• [What is being asked] Reproduce the entries below exactly, but only from the line containing "Na próxima quarta-feira" to the line containing "上午題為《師者仁,德為先》的", inclusive.

• [Exercise input]
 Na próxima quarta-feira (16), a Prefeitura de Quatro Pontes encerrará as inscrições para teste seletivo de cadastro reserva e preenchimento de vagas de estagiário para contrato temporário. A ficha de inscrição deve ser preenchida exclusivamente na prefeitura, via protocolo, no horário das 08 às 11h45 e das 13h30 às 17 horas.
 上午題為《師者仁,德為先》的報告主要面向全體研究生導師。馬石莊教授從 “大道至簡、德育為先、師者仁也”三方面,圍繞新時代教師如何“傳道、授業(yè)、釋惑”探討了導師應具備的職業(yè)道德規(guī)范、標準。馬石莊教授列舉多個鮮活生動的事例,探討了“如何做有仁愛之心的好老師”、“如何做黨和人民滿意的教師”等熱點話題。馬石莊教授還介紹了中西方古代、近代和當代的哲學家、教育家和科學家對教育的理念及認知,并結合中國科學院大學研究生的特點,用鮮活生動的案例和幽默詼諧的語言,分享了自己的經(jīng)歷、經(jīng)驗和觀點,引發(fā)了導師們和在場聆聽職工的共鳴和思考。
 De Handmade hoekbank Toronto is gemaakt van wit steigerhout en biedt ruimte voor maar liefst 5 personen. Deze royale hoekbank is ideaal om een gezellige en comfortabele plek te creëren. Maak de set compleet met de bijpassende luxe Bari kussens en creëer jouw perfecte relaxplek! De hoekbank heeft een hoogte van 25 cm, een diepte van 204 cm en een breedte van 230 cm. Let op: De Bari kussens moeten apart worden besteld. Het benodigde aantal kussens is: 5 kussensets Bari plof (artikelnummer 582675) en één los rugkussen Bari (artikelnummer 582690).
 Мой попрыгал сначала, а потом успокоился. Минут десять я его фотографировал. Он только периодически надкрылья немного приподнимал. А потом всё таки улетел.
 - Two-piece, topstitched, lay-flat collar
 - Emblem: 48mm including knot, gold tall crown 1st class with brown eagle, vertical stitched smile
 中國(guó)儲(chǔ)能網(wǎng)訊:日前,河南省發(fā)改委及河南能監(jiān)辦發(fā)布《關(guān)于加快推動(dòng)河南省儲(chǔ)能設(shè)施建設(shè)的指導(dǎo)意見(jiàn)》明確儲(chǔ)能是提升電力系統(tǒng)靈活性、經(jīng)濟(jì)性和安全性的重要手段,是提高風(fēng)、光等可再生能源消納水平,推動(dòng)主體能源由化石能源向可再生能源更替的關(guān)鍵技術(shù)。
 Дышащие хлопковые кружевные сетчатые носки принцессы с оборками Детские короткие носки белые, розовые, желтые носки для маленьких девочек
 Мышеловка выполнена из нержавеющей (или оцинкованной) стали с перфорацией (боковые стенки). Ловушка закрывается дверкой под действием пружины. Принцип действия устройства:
* * *
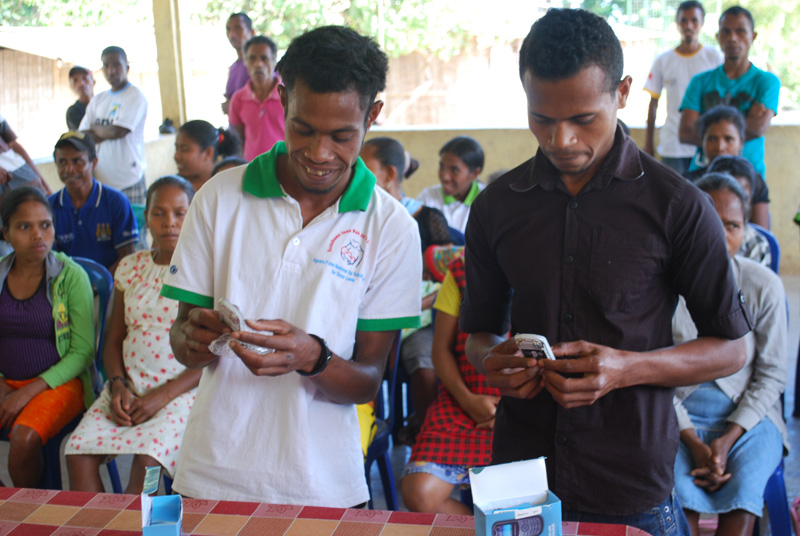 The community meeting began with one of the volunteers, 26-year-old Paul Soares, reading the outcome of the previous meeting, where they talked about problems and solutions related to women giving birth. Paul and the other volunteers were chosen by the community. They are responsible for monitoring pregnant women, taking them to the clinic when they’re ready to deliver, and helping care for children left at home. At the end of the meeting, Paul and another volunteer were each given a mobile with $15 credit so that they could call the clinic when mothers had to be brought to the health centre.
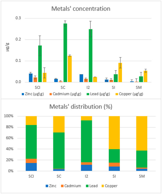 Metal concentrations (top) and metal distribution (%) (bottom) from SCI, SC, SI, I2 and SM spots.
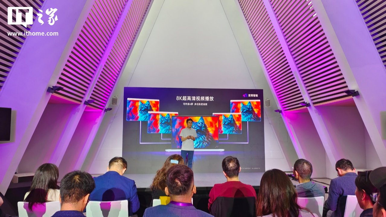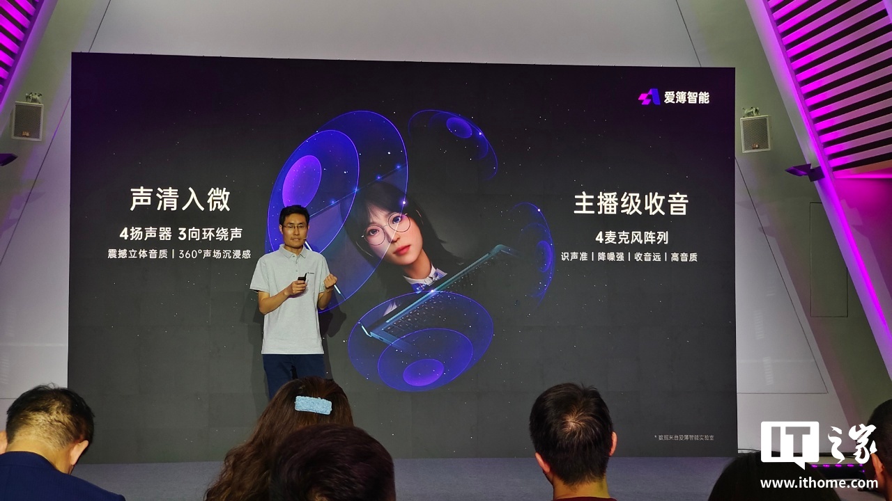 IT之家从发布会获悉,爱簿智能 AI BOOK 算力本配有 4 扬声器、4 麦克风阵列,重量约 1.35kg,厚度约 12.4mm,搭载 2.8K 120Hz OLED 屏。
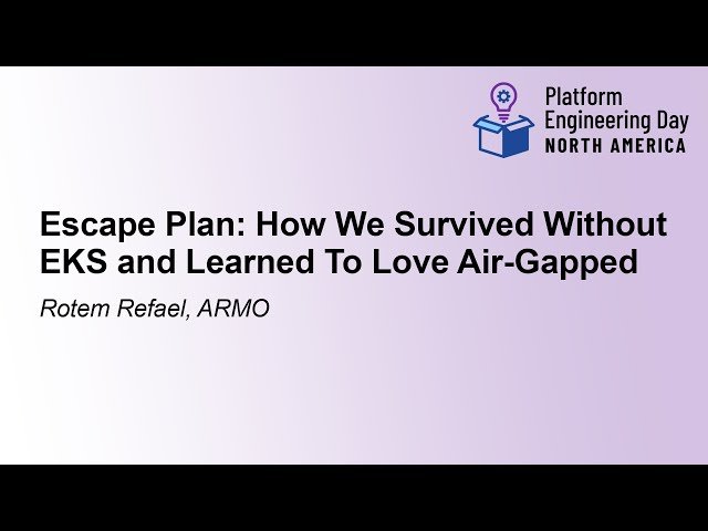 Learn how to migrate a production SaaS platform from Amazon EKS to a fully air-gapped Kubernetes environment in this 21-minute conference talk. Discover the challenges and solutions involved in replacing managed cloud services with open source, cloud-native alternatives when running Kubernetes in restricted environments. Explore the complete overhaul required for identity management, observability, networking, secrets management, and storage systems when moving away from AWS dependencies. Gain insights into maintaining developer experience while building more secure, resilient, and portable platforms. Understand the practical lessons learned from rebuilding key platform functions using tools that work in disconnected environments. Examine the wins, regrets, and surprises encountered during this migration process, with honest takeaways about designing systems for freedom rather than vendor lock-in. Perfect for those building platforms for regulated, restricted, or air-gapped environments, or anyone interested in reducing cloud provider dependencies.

• [The answer]
 Na próxima quarta-feira (16), a Prefeitura de Quatro Pontes encerrará as inscrições para teste seletivo de cadastro reserva e preenchimento de vagas de estagiário para contrato temporário. A ficha de inscrição deve ser preenchida exclusivamente na prefeitura, via protocolo, no horário das 08 às 11h45 e das 13h30 às 17 horas.
 上午題為《師者仁,德為先》的報告主要面向全體研究生導師。馬石莊教授從 “大道至簡、德育為先、師者仁也”三方面,圍繞新時代教師如何“傳道、授業(yè)、釋惑”探討了導師應具備的職業(yè)道德規(guī)范、標準。馬石莊教授列舉多個鮮活生動的事例,探討了“如何做有仁愛之心的好老師”、“如何做黨和人民滿意的教師”等熱點話題。馬石莊教授還介紹了中西方古代、近代和當代的哲學家、教育家和科學家對教育的理念及認知,并結合中國科學院大學研究生的特點,用鮮活生動的案例和幽默詼諧的語言,分享了自己的經(jīng)歷、經(jīng)驗和觀點,引發(fā)了導師們和在場聆聽職工的共鳴和思考。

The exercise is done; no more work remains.